■ Work required
In the records below, begin at the line that has "赤組はピロティー,白組は体育館で,初の全校応援練習に取り組みました。" and stop after the line that has "- Product List: You"; quote those lines verbatim and nothing more.

-- Source records follows --

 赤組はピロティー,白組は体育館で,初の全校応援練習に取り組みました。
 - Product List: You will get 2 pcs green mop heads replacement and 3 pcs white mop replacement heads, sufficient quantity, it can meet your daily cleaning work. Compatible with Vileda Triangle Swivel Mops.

-- Source records concluded --
-- Source records follows --

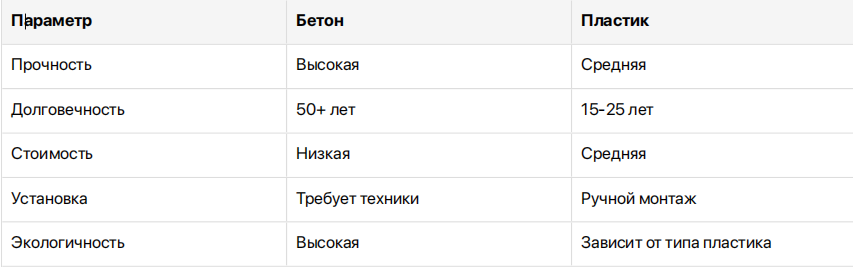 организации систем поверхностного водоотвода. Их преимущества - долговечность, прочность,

-- Source records concluded --

■ Task answer
 赤組はピロティー,白組は体育館で,初の全校応援練習に取り組みました。
 - Product List: You will get 2 pcs green mop heads replacement and 3 pcs white mop replacement heads, sufficient quantity, it can meet your daily cleaning work. Compatible with Vileda Triangle Swivel Mops.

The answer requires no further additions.